Клим Иванович Самгин слушал ее веселую болтовню с удовольствием, но он не любил анекдотов, в которых легко можно найти смысл аллегорический. И поэтому он заставил женщину перейти от слов к делу, которое для нее, так же как для него, было всегда приятно.
Он понимал, что надвигаются какие-то новые и крупные события. Для него имел значение тот факт, что празднование трехсотлетнего юбилея царствующей династии в столицах прошло более чем скромно, праздновала провинция, наиболее активная участница событий 1613 года, – Ярославль, Кострома, Нижний-Новгород. Но [и] в провинции праздновали натянуто, неохотно, ограничиваясь молебнами, парадами и подчиняясь террору монархических союзов «Русского народа» и «Михаила Архангела», – было хорошо известно, что командующая роль в этих союзах принадлежит полиции, духовенству и кое-где – городским головам, в большинстве – крупным представителям торговой, а не промышленной буржуазии. Можно было думать, что «народ» правильно оценил бездарность Николая Второго и помнил главнейшие события его царствования – Ходынку, 9 Января, войну с Москвой, расстрел на Лене, бесчисленные массовые убийства крестьян и рабочих. Европейские короли, родственники Романовых, отнеслись к этому юбилею тоже очень осторожно, должно быть, считаясь с отношениями царя и Думы, представляющей интересы крупной буржуазии. В общем было ясно, что самодержавие отжило свой век не только политически и морально, но и физически, наследник престола неизлечимо болен болезнью дегенератов. И, очевидно, будет война, которая, окончательно уничтожив царизм, заменит его республикой.
Клим Иванович Самгин был недостаточно реалистичен для того, чтоб ясно представить себя в будущем. Он и не пытался делать это. Но он уже не один раз ставил пред собой вопрос: не пора ли включиться в партию.
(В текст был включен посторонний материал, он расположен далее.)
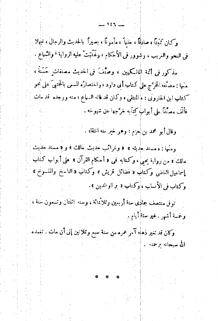 مذكور في أئمة المالكيين وصنف في الحديث مصنفات حسنة منها: مصنفه المخرج على كتاب أبي داود واختصاره المسمى بالمجتبى على نحو كتاب بن الحاروني: المنتقى وكان قد فاته السماع منه ووجده قد مات فألف مصنفاً على أبواب كتابه خرجها عن شيوخه. وقال أبو محمد بن حزم: وهو خير انتفاء.

Но среди существующих партий он не видел ни одной, достаточно крепко организованной и способной обеспечить ему место, достойное его. Обеспечить – не может, но способна компрометировать каким-нибудь актом, вроде поездки ка-де в Выборг.
Он внимательно следил за жизнью Думы, посещал ее, и ему казалось, что все партии реорганизуются, подвигаясь в общем налево. Конференция ка-де признала необходимым: демократизировать избирательные права, реформировать Государственный совет, требовать ответственного министерства. Раскололись «октябристы» на «левых», «земцев» и «правых». «Октябрист» Гучков публично заявил, что «правительство ведет страну к катастрофе». Не меньшее значение имели съезды: приказчиков, десятидневный – учителей, городских деятелей и сельскохозяйственный. Дронов ликовал:
– Демократия пошевеливается!
Он становился все богаче, это явно было по разнообразию и добротности костюмов, по осанке дельца, по рассказам его.
– У Тагильского оказалась жена, да – какая! – он закрыл один глаз и протяжно свистнул. – Стиль модерн, ни одного естественного движения, говорит голосом умирающей. Я попал к ней по объявлению: продаются книги. Книжки, брат, замечательные. Все наши классики, переплеты от Шелля или Шнелля, чорт его знает! Семьсот целковых содрала. Я сказал ей, что был знаком с ее мужем, а она спросила: «Да?» И – больше ни звука о нем, стерва!
– Тебе жениться надобно, – посоветовал Самгин. Дронов удивился:
– Как это? А – Тоська? Я, брат, ее выручу, скоро. Мне уже категорически обещали.
– Она к большевикам уйдет, – поддразнивал Самгин, не веря ему. Дронов, вопросительно глядя на него, помолчал и вдруг сказал:
– Ну так – что? И я тоже с ней. Литературу издавать будем. Толстую литературу.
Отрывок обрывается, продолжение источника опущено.